The material below contains a line with "- Use U-Haul’s" and a line with "駐車場と白い家を左に見ながら通り過ぎ、先に進みます". Copy exactly those two lines and all lines between them.

*DATA TO PROCESS*.
>>>>>
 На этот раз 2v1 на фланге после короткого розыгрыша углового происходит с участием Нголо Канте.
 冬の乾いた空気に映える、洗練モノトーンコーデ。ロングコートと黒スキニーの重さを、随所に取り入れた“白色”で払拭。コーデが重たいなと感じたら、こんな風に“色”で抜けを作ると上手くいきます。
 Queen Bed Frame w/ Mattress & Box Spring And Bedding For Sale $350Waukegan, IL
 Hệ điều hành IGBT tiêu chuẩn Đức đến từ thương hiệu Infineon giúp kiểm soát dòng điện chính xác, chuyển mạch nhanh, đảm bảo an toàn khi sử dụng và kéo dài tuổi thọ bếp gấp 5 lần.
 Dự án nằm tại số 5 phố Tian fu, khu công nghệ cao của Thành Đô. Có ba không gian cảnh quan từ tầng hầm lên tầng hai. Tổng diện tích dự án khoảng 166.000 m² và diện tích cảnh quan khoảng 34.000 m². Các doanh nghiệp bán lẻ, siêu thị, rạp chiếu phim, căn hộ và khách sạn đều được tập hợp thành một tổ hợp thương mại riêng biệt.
<<<<<
>>>>>
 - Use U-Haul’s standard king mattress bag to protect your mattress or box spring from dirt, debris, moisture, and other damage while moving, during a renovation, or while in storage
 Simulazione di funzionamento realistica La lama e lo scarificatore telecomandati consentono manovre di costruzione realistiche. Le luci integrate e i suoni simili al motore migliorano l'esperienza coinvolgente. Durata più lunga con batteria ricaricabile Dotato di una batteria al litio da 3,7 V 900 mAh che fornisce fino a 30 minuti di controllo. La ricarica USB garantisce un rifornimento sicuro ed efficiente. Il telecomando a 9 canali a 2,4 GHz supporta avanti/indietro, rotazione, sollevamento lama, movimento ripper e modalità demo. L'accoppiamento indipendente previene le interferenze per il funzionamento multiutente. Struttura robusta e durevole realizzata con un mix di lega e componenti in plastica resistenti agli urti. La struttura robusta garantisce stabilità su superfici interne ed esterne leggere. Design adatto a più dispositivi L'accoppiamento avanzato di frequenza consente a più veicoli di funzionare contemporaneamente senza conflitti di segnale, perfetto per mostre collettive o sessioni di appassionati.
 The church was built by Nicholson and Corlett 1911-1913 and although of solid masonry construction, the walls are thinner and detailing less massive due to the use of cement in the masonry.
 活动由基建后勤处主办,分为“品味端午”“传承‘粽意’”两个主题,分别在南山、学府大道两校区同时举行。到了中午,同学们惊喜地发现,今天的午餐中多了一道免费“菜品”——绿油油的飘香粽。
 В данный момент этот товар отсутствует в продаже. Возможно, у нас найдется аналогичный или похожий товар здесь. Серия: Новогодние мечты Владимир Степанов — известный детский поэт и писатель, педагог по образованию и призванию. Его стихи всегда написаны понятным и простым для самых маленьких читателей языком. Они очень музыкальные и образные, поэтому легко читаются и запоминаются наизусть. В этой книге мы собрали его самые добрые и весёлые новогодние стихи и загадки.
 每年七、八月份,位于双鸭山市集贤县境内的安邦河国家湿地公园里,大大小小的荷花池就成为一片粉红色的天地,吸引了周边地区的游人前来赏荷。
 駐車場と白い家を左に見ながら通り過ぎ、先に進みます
<<<<<
>>>>>
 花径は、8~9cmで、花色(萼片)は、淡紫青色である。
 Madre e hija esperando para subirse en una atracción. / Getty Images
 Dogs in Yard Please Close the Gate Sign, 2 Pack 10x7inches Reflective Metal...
<<<<<
*TASK OUTPUT*.
 - Use U-Haul’s standard king mattress bag to protect your mattress or box spring from dirt, debris, moisture, and other damage while moving, during a renovation, or while in storage
 Simulazione di funzionamento realistica La lama e lo scarificatore telecomandati consentono manovre di costruzione realistiche. Le luci integrate e i suoni simili al motore migliorano l'esperienza coinvolgente. Durata più lunga con batteria ricaricabile Dotato di una batteria al litio da 3,7 V 900 mAh che fornisce fino a 30 minuti di controllo. La ricarica USB garantisce un rifornimento sicuro ed efficiente. Il telecomando a 9 canali a 2,4 GHz supporta avanti/indietro, rotazione, sollevamento lama, movimento ripper e modalità demo. L'accoppiamento indipendente previene le interferenze per il funzionamento multiutente. Struttura robusta e durevole realizzata con un mix di lega e componenti in plastica resistenti agli urti. La struttura robusta garantisce stabilità su superfici interne ed esterne leggere. Design adatto a più dispositivi L'accoppiamento avanzato di frequenza consente a più veicoli di funzionare contemporaneamente senza conflitti di segnale, perfetto per mostre collettive o sessioni di appassionati.
 The church was built by Nicholson and Corlett 1911-1913 and although of solid masonry construction, the walls are thinner and detailing less massive due to the use of cement in the masonry.
 活动由基建后勤处主办,分为“品味端午”“传承‘粽意’”两个主题,分别在南山、学府大道两校区同时举行。到了中午,同学们惊喜地发现,今天的午餐中多了一道免费“菜品”——绿油油的飘香粽。
 В данный момент этот товар отсутствует в продаже. Возможно, у нас найдется аналогичный или похожий товар здесь. Серия: Новогодние мечты Владимир Степанов — известный детский поэт и писатель, педагог по образованию и призванию. Его стихи всегда написаны понятным и простым для самых маленьких читателей языком. Они очень музыкальные и образные, поэтому легко читаются и запоминаются наизусть. В этой книге мы собрали его самые добрые и весёлые новогодние стихи и загадки.
 每年七、八月份,位于双鸭山市集贤县境内的安邦河国家湿地公园里,大大小小的荷花池就成为一片粉红色的天地,吸引了周边地区的游人前来赏荷。
 駐車場と白い家を左に見ながら通り過ぎ、先に進みます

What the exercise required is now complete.